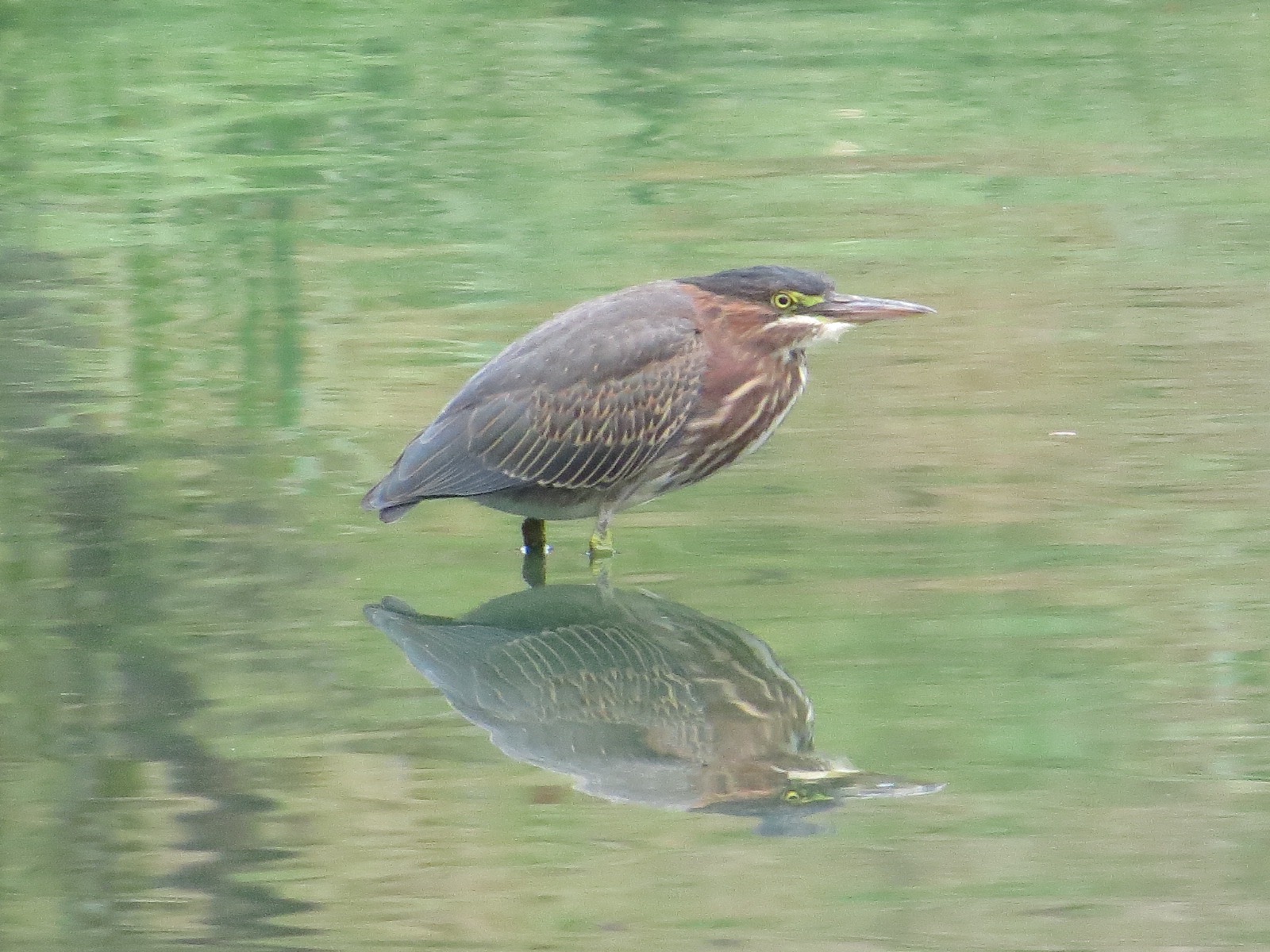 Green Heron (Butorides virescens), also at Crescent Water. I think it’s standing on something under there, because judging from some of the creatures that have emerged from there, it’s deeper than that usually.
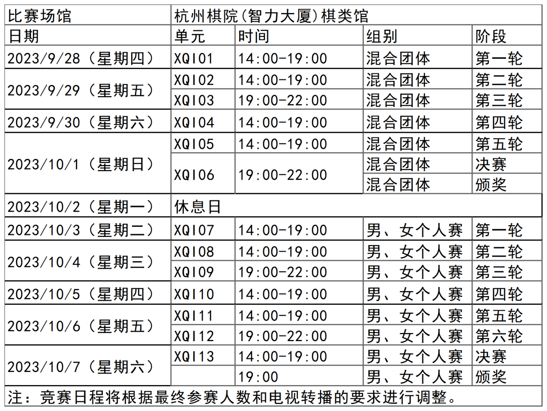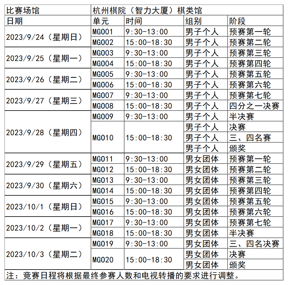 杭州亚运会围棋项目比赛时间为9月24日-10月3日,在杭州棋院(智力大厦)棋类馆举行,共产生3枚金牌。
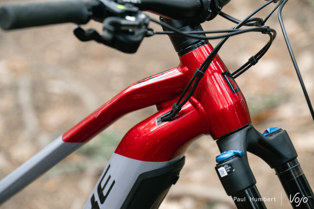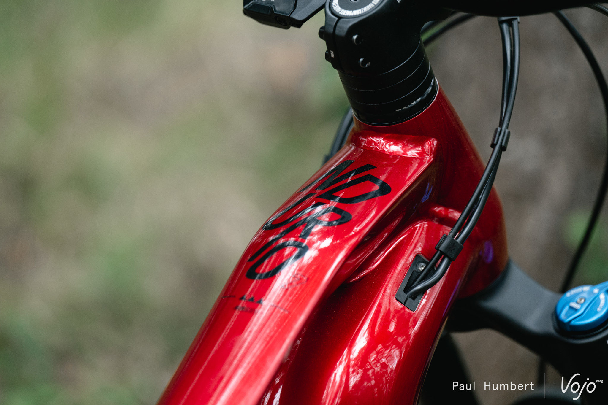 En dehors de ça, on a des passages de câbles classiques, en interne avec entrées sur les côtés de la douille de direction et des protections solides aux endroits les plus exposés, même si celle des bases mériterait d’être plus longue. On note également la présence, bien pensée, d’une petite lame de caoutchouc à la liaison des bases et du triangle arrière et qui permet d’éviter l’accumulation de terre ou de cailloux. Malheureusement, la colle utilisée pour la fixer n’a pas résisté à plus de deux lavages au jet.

* WHAT NEEDS TO BE DONE: Make an exact copy of the listing above, omitting the pictures.

* EXERCISE SOLUTION:
 Green Heron (Butorides virescens), also at Crescent Water. I think it’s standing on something under there, because judging from some of the creatures that have emerged from there, it’s deeper than that usually.
 杭州亚运会围棋项目比赛时间为9月24日-10月3日,在杭州棋院(智力大厦)棋类馆举行,共产生3枚金牌。
 En dehors de ça, on a des passages de câbles classiques, en interne avec entrées sur les côtés de la douille de direction et des protections solides aux endroits les plus exposés, même si celle des bases mériterait d’être plus longue. On note également la présence, bien pensée, d’une petite lame de caoutchouc à la liaison des bases et du triangle arrière et qui permet d’éviter l’accumulation de terre ou de cailloux. Malheureusement, la colle utilisée pour la fixer n’a pas résisté à plus de deux lavages au jet.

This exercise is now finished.